Argonne National Laboratory

Improving Floating Point Compression through Binary Masks

TitleImproving Floating Point Compression through Binary Masks
Publication TypeConference Paper
Year of Publication2013
AuthorsGomez, LABautist, Cappello, F
Conference NameIEEE BigData 2013
Conference LocationSanta Barbara, California
Other NumbersANL/MCS-P5009-0813

Modern scientific technology such as particle accelerators, telescopes and supercomputers are producing extremely large amounts of data. That scientific data needs to be processed using systems with high computational capabilities such as supercomputers.
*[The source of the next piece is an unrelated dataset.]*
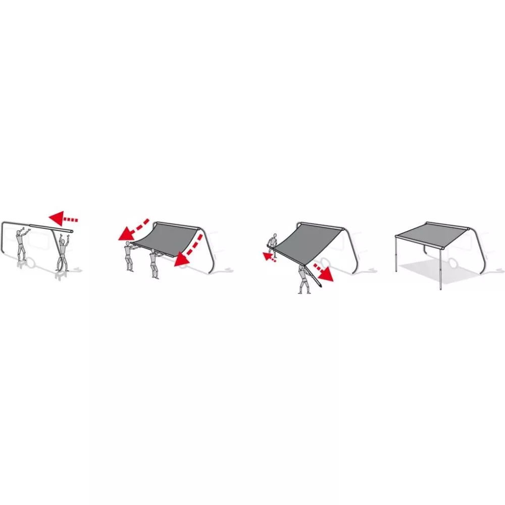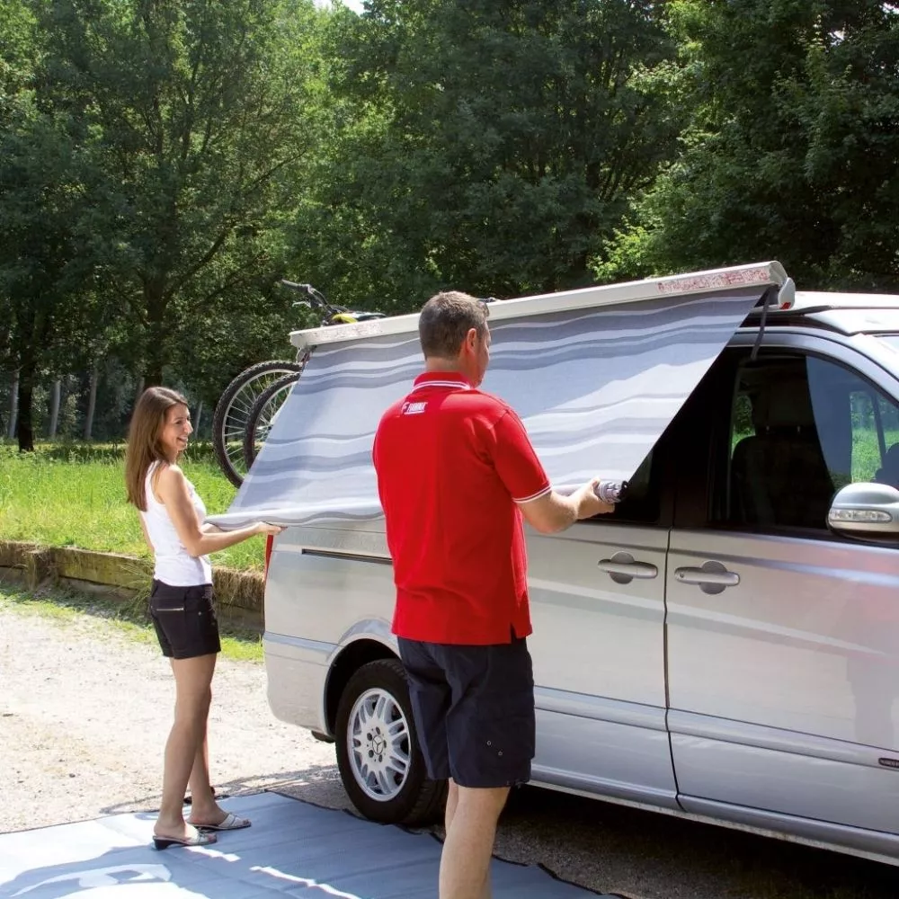 Die Markise Fiamma F35 Pro 250 schafft dir ca. 5,5 m² Schattenfläche direkt vor deinem Fahrrzeug. Sie ist für den Anbau an den Wohnwagen, Campingbus, Minivan, Geländewagen oder Kombi geeignet. Dank der verschiedenen Halterungen kannst du die Markise wahlweise an der Fahrzeugwand, am Dachträger oder an der Kederschiene anbringen.

Given that the scientific data is increasing in size at an exponential rate, storing and accessing the data is becoming expensive in both, time and space. Most of this scientific data is stored using floating point representation. Scientific applications executed in supercomputers spend a large amount of CPU cycles reading and writing floating point values, making data compression techniques an interesting way to increase computing efficiency. Given the accuracy requirements of scientific computing, we only focus on lossless data compression. In this paper we propose a masking technique that partially decreases the entropy of scientific datasets allowing for better compression ratio and higher throughput. We evaluate several data partitioning techniques for selective compression and compare these schemes with several existing compression strategies. Our approach shows up to 15% improvement in compression ratio while reducing the time spent in compression, to only a half of the original compression time in some cases.